• PROBLEM DESCRIPTION: Both the line with "power switch of" and the line with "戶外S高端系列之所以能夠取得" in the records below must appear in the output, along with every line between them, exactly and with nothing added.
Top of SUPPLIED RECORDS
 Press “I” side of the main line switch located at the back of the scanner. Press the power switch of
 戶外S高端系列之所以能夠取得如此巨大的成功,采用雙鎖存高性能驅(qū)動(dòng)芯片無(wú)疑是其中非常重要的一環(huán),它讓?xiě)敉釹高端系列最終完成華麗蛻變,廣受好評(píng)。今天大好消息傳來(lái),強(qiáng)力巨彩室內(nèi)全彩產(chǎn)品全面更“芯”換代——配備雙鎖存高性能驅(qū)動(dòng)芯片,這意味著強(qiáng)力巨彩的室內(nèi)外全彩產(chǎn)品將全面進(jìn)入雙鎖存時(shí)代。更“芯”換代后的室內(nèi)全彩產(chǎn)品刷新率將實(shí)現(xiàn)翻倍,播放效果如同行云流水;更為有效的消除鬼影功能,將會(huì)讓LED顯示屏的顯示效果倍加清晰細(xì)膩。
Bottom of SUPPLIED RECORDS
Top of SUPPLIED RECORDS
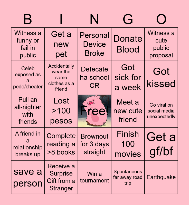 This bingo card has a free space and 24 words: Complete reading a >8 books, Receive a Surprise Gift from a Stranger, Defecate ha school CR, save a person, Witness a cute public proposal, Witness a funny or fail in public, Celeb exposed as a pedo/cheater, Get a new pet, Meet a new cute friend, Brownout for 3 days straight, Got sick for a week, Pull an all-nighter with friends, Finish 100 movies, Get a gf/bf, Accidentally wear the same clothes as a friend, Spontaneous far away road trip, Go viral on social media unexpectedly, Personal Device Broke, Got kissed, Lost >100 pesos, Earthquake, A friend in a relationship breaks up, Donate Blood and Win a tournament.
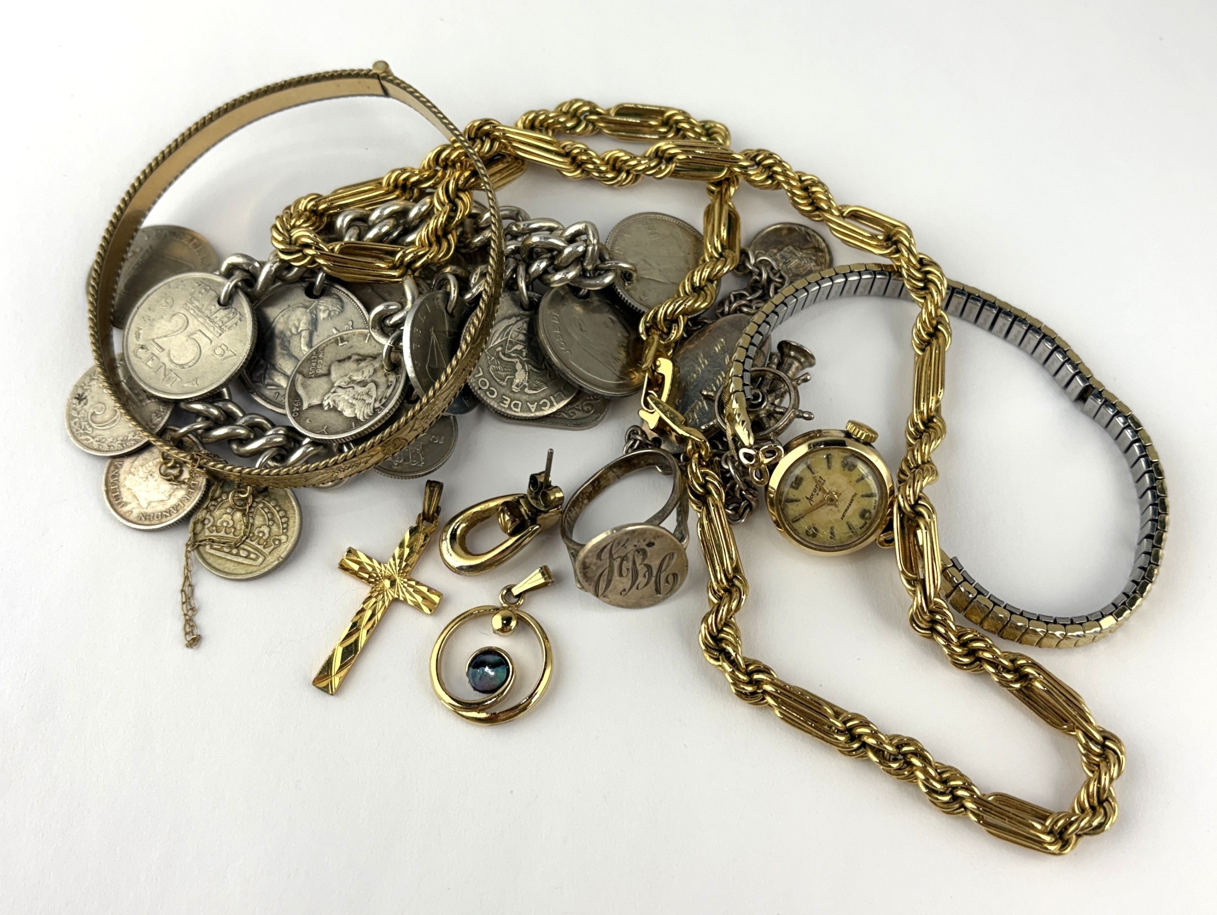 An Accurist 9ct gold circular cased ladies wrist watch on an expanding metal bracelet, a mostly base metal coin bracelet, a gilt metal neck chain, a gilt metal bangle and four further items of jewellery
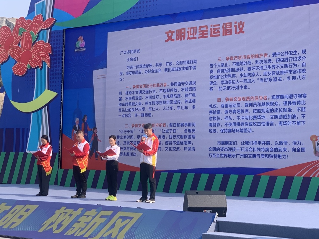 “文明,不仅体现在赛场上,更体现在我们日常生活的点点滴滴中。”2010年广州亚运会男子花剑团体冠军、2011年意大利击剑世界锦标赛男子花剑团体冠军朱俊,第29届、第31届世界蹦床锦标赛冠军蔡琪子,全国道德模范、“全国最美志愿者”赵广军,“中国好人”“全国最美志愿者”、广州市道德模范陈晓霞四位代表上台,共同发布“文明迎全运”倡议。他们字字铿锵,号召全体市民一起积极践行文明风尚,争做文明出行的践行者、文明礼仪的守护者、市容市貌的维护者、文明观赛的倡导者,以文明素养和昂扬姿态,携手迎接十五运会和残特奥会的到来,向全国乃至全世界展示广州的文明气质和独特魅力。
Bottom of SUPPLIED RECORDS
• ANSWER BOX:
 Press “I” side of the main line switch located at the back of the scanner. Press the power switch of
 戶外S高端系列之所以能夠取得如此巨大的成功,采用雙鎖存高性能驅(qū)動(dòng)芯片無(wú)疑是其中非常重要的一環(huán),它讓?xiě)敉釹高端系列最終完成華麗蛻變,廣受好評(píng)。今天大好消息傳來(lái),強(qiáng)力巨彩室內(nèi)全彩產(chǎn)品全面更“芯”換代——配備雙鎖存高性能驅(qū)動(dòng)芯片,這意味著強(qiáng)力巨彩的室內(nèi)外全彩產(chǎn)品將全面進(jìn)入雙鎖存時(shí)代。更“芯”換代后的室內(nèi)全彩產(chǎn)品刷新率將實(shí)現(xiàn)翻倍,播放效果如同行云流水;更為有效的消除鬼影功能,將會(huì)讓LED顯示屏的顯示效果倍加清晰細(xì)膩。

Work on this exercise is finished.